=== Begin Enclosure ===

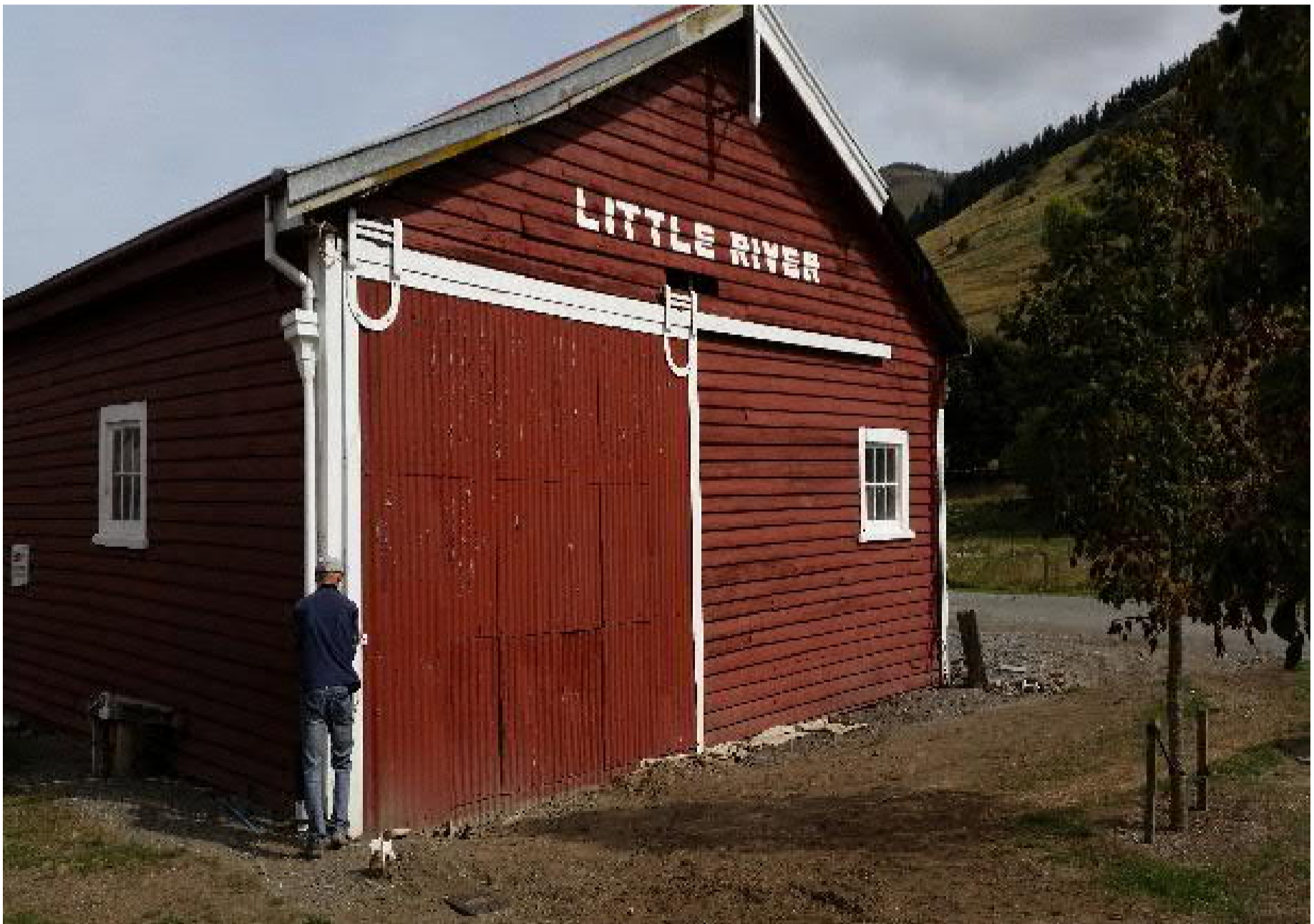
Little River Goods Shed

The Council Long Term Plan (LTP) recently released this project to proceed. Investigations are underway. Scope and drawings being compiled. Next stage is to obtain building consent and engage the builder.
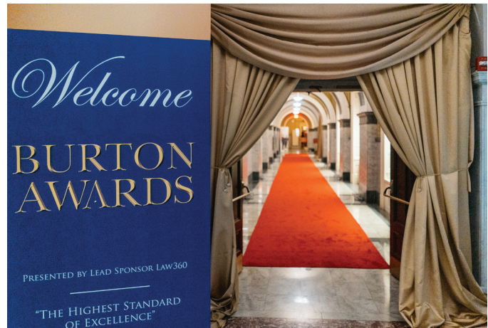
Inviting entryway to the start of the Burton Awards program.

At the beginning of the twenty-sixth Annual Burton Awards program, we are adding a cocktail reception before the program begins so everyone will have an opportunity to meet one another. This new addition will begin at 3:00 pm and will be held outside of the Coolidge Auditorium of the Library of Congress.
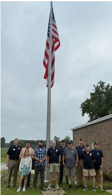
Post members participated in the raising of the Holiday Ensign on 14 June in honor of Flag Day.

Promptly at 0800, the smaller, regular flag was lowered and replaced with the much larger national ensign. Thanks to those members who came out and assisted with this event, as the larger flag definitely requires several people to ensure all the colors are handled with the proper respect and care.
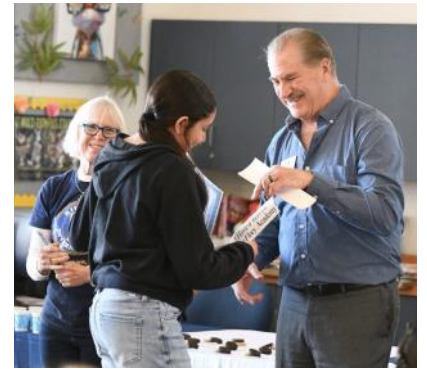
Moorpark has TERRIFIC Kids! And Moorpark has TERRIFIC volunteers!

Every year, Moorpark Kiwanis volunteers with traffic control and cheers on the runners at the Groundhog 5K race.
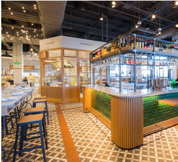
📍 EATALY - WESTFIELD CENTURY CITY
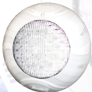
Commercial White Light
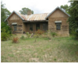
Former Castlemaine military quarters_front view_KJ_7 Feb 2008
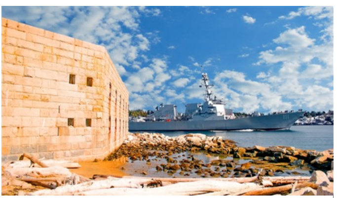
Figure 1: The U.S.S. Spruance seen leaving the mouth of the Kennebec River at Fort Popham on Feb. 18, 2011

In this case, however, there need be no delay. The Spruance can clearly exit the Kennebec River safely without dredging; it did so to conduct sea trials just last month as shown by the photograph in Figure 1. Thus, there is simply no need for emergency out-of-season dredging and all of the adverse impacts it would cause. The No Action Alternative is clearly practicable, less environmentally damaging, and cost effective – in fact it would save taxpayers
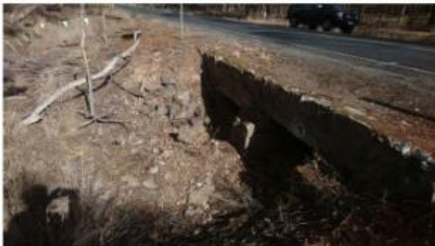
Photo 4: Pyrenees Highway, showing culvert and rocks; potential for fauna habitat (CH 11.14)
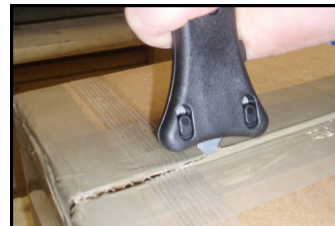
Tape / Card
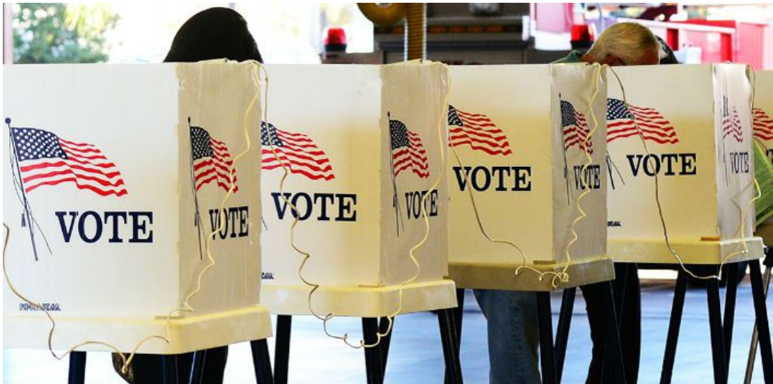
Smartmatic also marketed the integration, engineering, and manufacturing of the new voting system.

Spanish – How is this possible? It seems unusual. The company Smartmatic, which for a decade counted the votes of the electoral processes in Venezuela under the Socialist regime, now operates in the U.S. elections .
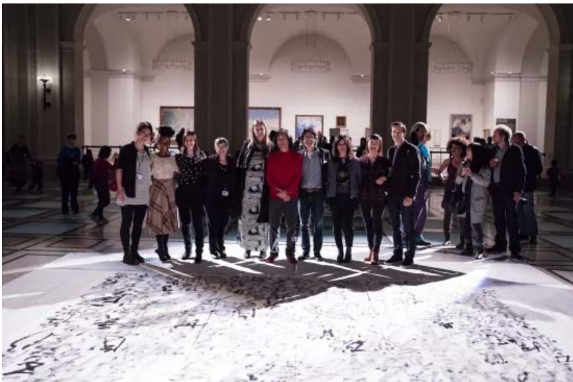
▲ The Artist with the INK studio and Brooklyn Museum teams
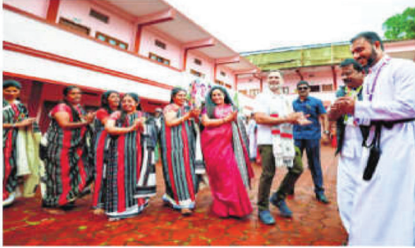
Congress leader Rahul Gandhi attends golden jubilee celebrations of St Thomas English High School, in Nilgiris district, Tamil Nadu, on Tuesday

KVN Productions LLP has filed an appeal against the order passed by a division bench of the high court last Friday, which put on hold the
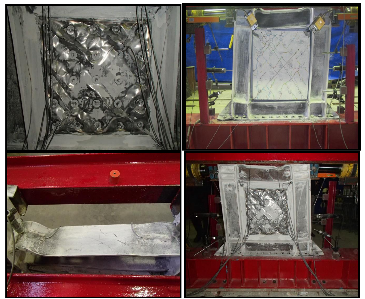
Figure 4. The CSPSW specimen after the test

Important experiment observations in each loading group are summarized in table 1. According to test results, the specimen depicts an authentic ductile behaviour and an acceptable failure mode. The CSPSW specimen reaches inter-story drift of 6%, and by the fracture of left column, the test was terminated. Figure 4 depicts the CSPSW specimen after the test.
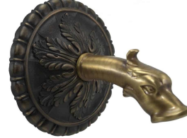
Verona Spout - Large in Oil Rubbed Bronze Back Plate with Antique Brass Duck Spout
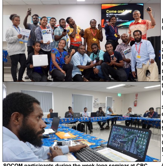
SOCOM participants during the week-long seminar at CBC

Port Moresby: 'Hope Amidst COVID-19' was the inspirational theme for the 2021 Social Communication Seminar held from Monday 22nd to

=== End Enclosure ===

## What to produce
Everything from the line containing "Congress leader Rahul" through the last line of the records above is to be reproduced exactly, except the pictures.

## Answer space
Congress leader Rahul Gandhi attends golden jubilee celebrations of St Thomas English High School, in Nilgiris district, Tamil Nadu, on Tuesday

KVN Productions LLP has filed an appeal against the order passed by a division bench of the high court last Friday, which put on hold the
Figure 4. The CSPSW specimen after the test

Important experiment observations in each loading group are summarized in table 1. According to test results, the specimen depicts an authentic ductile behaviour and an acceptable failure mode. The CSPSW specimen reaches inter-story drift of 6%, and by the fracture of left column, the test was terminated. Figure 4 depicts the CSPSW specimen after the test.
Verona Spout - Large in Oil Rubbed Bronze Back Plate with Antique Brass Duck Spout
SOCOM participants during the week-long seminar at CBC

Port Moresby: 'Hope Amidst COVID-19' was the inspirational theme for the 2021 Social Communication Seminar held from Monday 22nd to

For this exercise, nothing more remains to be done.